● **Dataset extract**
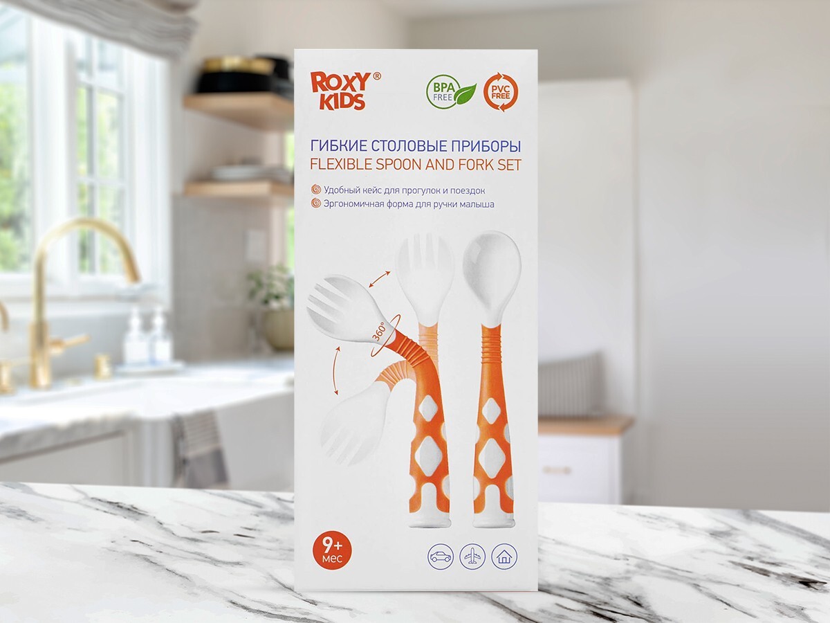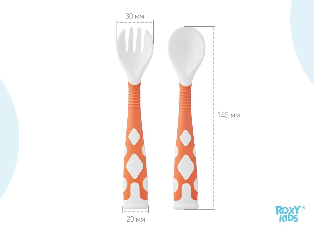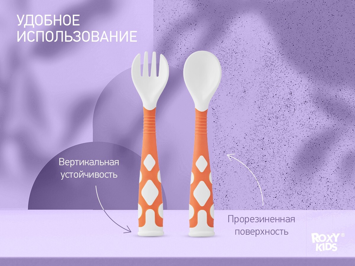 Набор гибких столовых приборов ROXY-KIDS для малышей в пенале, ложка и вилка, цвет оранжевый
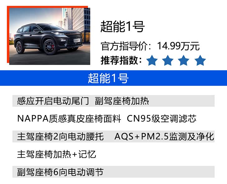 在顶配车型的超能1号上,还有感应开启电动尾门、NAPPA质感真皮座椅面料、主驾座椅2向电动腰托、主驾座椅加热+记忆、副驾座椅6向电动调节、副驾座椅加热、CN95级空调滤芯以及AQS+PM2.5监测及净化配置。虽然说超能1号在配置上来说更为丰富,但综合其售价已经配置的实用性来说,性价比并不是太高。
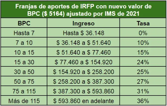Este ajuste lleva a que el mínimo no imponible del IRPF, equivalente a siete BPC, pase de $ 34.090 a $ 36.148 mensuales para este año. No obstante, ese monto no tiene en cuenta las deducciones que se calculan para el pago de ese tributo (Fonasa, aportes jubilatorios, Fondo de Reconversión Laboral, entre otros), por lo que el límite para tributar será superior según las deducciones que pueda realizar cada trabajador.

● **What you will do**
Print the whole listing again exactly, please. No pictures.

● **Answer for this exercise**
 Набор гибких столовых приборов ROXY-KIDS для малышей в пенале, ложка и вилка, цвет оранжевый
 在顶配车型的超能1号上,还有感应开启电动尾门、NAPPA质感真皮座椅面料、主驾座椅2向电动腰托、主驾座椅加热+记忆、副驾座椅6向电动调节、副驾座椅加热、CN95级空调滤芯以及AQS+PM2.5监测及净化配置。虽然说超能1号在配置上来说更为丰富,但综合其售价已经配置的实用性来说,性价比并不是太高。
Este ajuste lleva a que el mínimo no imponible del IRPF, equivalente a siete BPC, pase de $ 34.090 a $ 36.148 mensuales para este año. No obstante, ese monto no tiene en cuenta las deducciones que se calculan para el pago de ese tributo (Fonasa, aportes jubilatorios, Fondo de Reconversión Laboral, entre otros), por lo que el límite para tributar será superior según las deducciones que pueda realizar cada trabajador.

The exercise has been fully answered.